TTTS Treatment Hendersonville NC

This page provides relevant content and local businesses that can help with your search for information on TTTS Treatment. You will find informative articles about TTTS Treatment, including "Twin-to-Twin Transfusion Syndrome (TTTS)". Below you will also find local businesses that may provide the products or services you are looking for. Please scroll down to find the local resources in Hendersonville, NC that can help answer your questions about TTTS Treatment.

Dr.Kathryn Patten
(828) 687-3800
27 Doctors Drive
Hendersonville, NC
Gender
F
Education
Medical School: East Carolina Univ Sch Of Med
Year of Graduation: 1995
Speciality
Gynecologist (OBGYN)
General Information
Accepting New Patients: Yes
RateMD Rating
5.0, out of 5 based on 3, reviews.

Data Provided By:
H Eugene Dennison, MD
(800) 475-2259
630 5th Ave W
Hendersonville, NC
Specialties
Obstetrics & Gynecology
Gender
Male
Education
Medical School: Univ Of Mi Med Sch, Ann Arbor Mi 48109
Graduation Year: 1961

Data Provided By:
Jeanette Forsberg West
(828) 654-6001
80 Doctors Dr
Hendersonville, NC
Specialty
Obstetrics & Gynecology

Data Provided By:
Michael Clayton Jones, MD
(828) 692-0238
835 Fleming St
Hendersonville, NC
Specialties
Obstetrics & Gynecology
Gender
Male
Education
Medical School: Bowman Gray Sch Of Med Of Wake Forest Univ, Winston-Salem Nc 27157
Graduation Year: 1986

Data Provided By:
Kent John Scherr, MD
513 N Justice St
Hendersonville, NC
Specialties
Obstetrics & Gynecology
Gender
Male
Education
Medical School: Univ Of Nd Sch Of Med, Grand Forks Nd 58201
Graduation Year: 1996

Data Provided By:
James Jacob Nigriny, MD
Hendersonville, NC
Specialties
Obstetrics & Gynecology
Gender
Male
Education
Medical School: Albany Med Coll, Albany Ny 12208
Graduation Year: 1965

Data Provided By:
Gene Lavere Krishingner, MD
(828) 693-1729
113 Westview Dr
Hendersonville, NC
Specialties
Obstetrics & Gynecology
Gender
Male
Education
Medical School: E Tn State Univ J H Quillen Coll Of Med, Johnson City Tn 37614
Graduation Year: 1998

Data Provided By:
Dr. Das
(828) 687-3800
27 Doctors Drive
Hendersonville, NC
Gender
F
Speciality
Gynecologist (OBGYN)
General Information
Hospital: Margaret R. Pardee Memorial
Accepting New Patients: Yes
RateMD Rating
5.0, out of 5 based on 2, reviews.

Data Provided By:
Stephen Ward Hildebrand, MD
(828) 684-2234
50 Hospital Dr Ste 3B
Hendersonville, NC
Specialties
Obstetrics & Gynecology
Gender
Male
Education
Medical School: Univ Of Nc At Chapel Hill Sch Of Med, Chapel Hill Nc 27599
Graduation Year: 1989

Data Provided By:
Calvin Earl Thomas, MD
(828) 692-6262
512 6th Ave W
Hendersonville, NC
Specialties
Obstetrics & Gynecology
Gender
Male
Education
Medical School: New York Med Coll, Valhalla Ny 10595
Graduation Year: 1992

Data Provided By:
Data Provided By:

Twin-to-Twin Transfusion Syndrome (TTTS)

Written by Administrator   

Twin-to-Twin Transfusion Syndrome (TTTS) is a disease of the placenta. It affects pregnancies with monochorionic (shared placenta) multiples when blood passes disproportionately from one baby to the other through connecting blood vessels within their shared placenta. One baby, the recipient twin, gets too much blood overloading his or her cardiovascular system, and may die from heart failure. The other baby, the donor twin or stuck twin, does not get enough blood and may die from severe anemia. Left untreated, mortality rates near 100%.

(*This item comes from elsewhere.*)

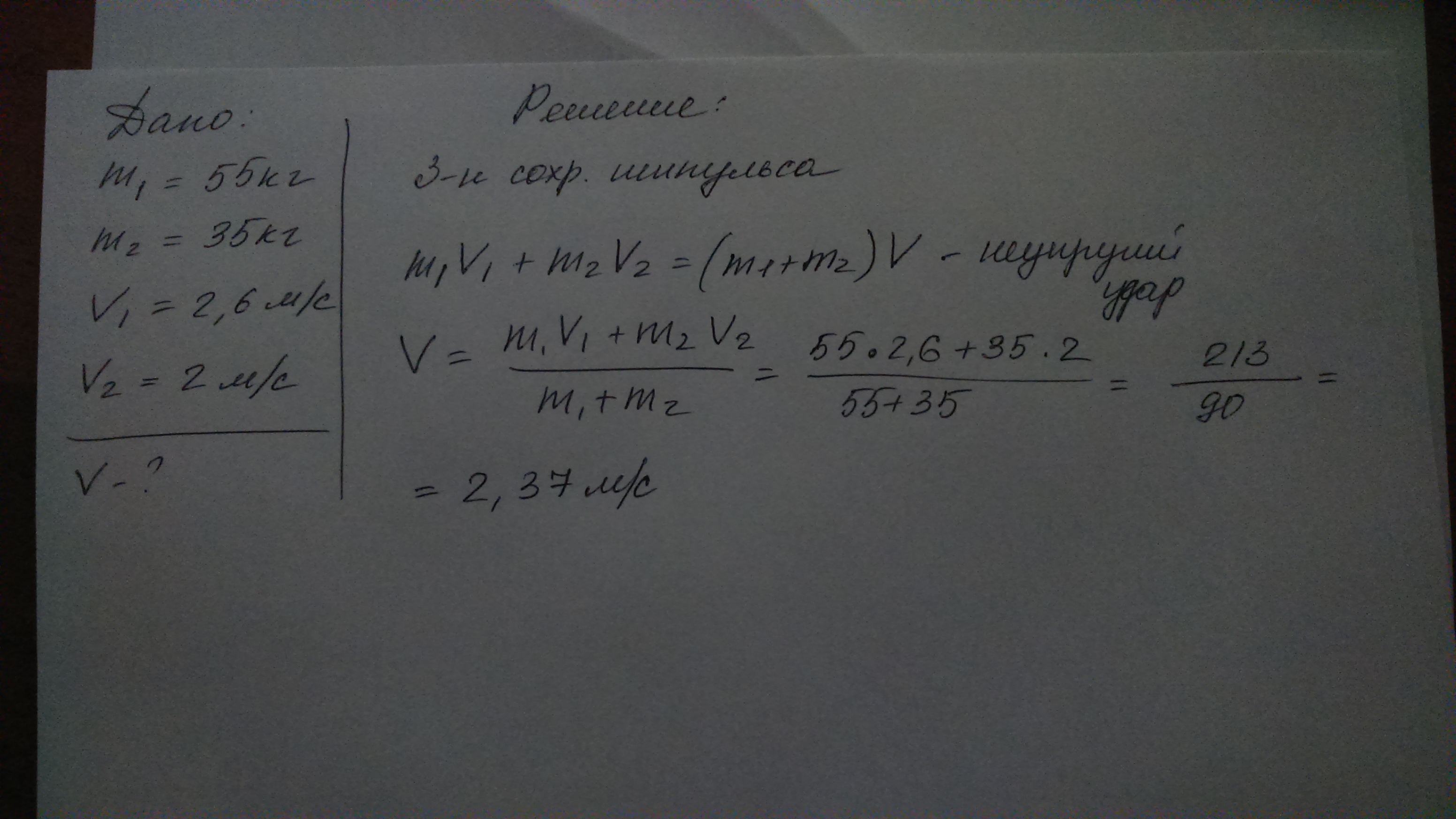 Человек массой 55 кг, бегущий со скоростью 2,6 м/с, догоняет тележку массой 35 кг, движущуюся со скоростью 2 м/c, и вскакивает на нее. С какой скоростью станет двигаться тележка после этого?

Cause of Twin-to-Twin Transfusion Syndrome (TTTS)

The cause of TTTS is attributed to unbalanced flow of blood through vascular channels that connect the circulatory systems of each twin via the common placenta. The shunting of blood through the vascular communications leads to a net flow of blood from one twin (the donor) to the other twin (the recipient). The donor twin develops oligohydramnios (low amniotic fluid) and poor fetal growth, while the recipient twin develops polyhydramnios (excess amniotic fluid), heart failure, and hydrops. If left untreated, the pregnancy may be lost due to lack of blood getting to the smaller twin, fluid overload and heart failure in the larger twin, and/or preterm (early) labor leading to miscarriage of the entire pregnancy.

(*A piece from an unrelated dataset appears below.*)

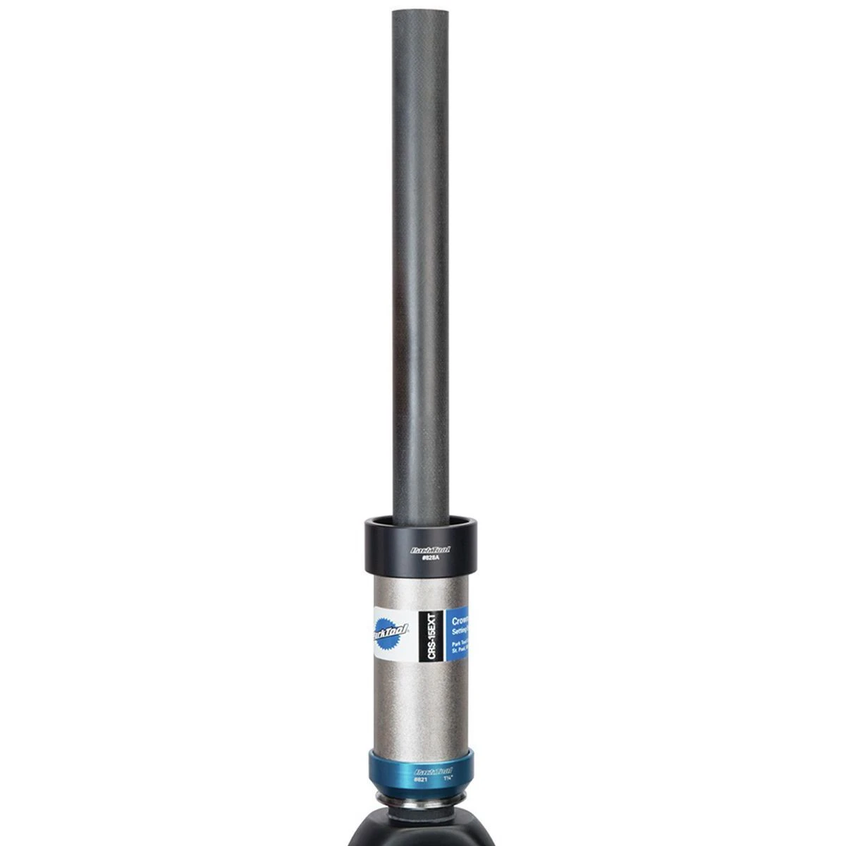 Pro tip: if your fork’s steerer tube is longer than your crown race setter, no matter how hard or how many times you hammer the tool, you’ll never seat the crown race since the tool makes contact with the top of the steerer before it ever has a chance to reach the crown. Get a little help with the Crown Race Setting System Extension – CRS-15EXT from Park Tools which includes an extension tube and fitting to add a little length to the CRS-15 and 15.2. The extended length will now let you set a crown race on forks with steerer tube up to 425mm.

Some general treatment approaches consist of using laser energy to seal off the blood vessels that shunt blood between the fetuses. Because the surgical approach is via an operative fetoscope, there is minimal risk to the mother. Laser therapy for TTTS has been shown to provide improved pregnancy outcomes compared to alternative therapies. Although all treatment options should be discussed with your fetal surgeon.

Frequency of Twin-to-Twin Transfusion Syndrome (TTTS)

1 in 7 monochorionic pregnancies are afflicted with TTTS.

Diagnosis and Staging of Twin-to-Twin Transfusion Syndrome (TTTS)

The in utero diagnosis of TTTS is established by ultrasound. First, the presence of a shared placenta (monochorionic) confirmed. Ultrasounds performed earlier in the pregnancy may be useful in establishing the chorionicity (number of placentas). Ultrasound findings such as a single placenta, same fetal sex, and a "T-sign" in which the dividing membrane inserts perpendicular to the placenta are helpful in diagnosing a monochorionic twin gestation.

TTTS is then diagnosed simply by assessing the discordance of amniotic fluid volume on either side of the dividing fetal membranes. The maximum vertical pocket (MVP) of amniotic fluid volume must be greater than or equal to 8.0 centimeters in the recipient's sac, and less than or equal to 2.0 centimeters in the donor's sac.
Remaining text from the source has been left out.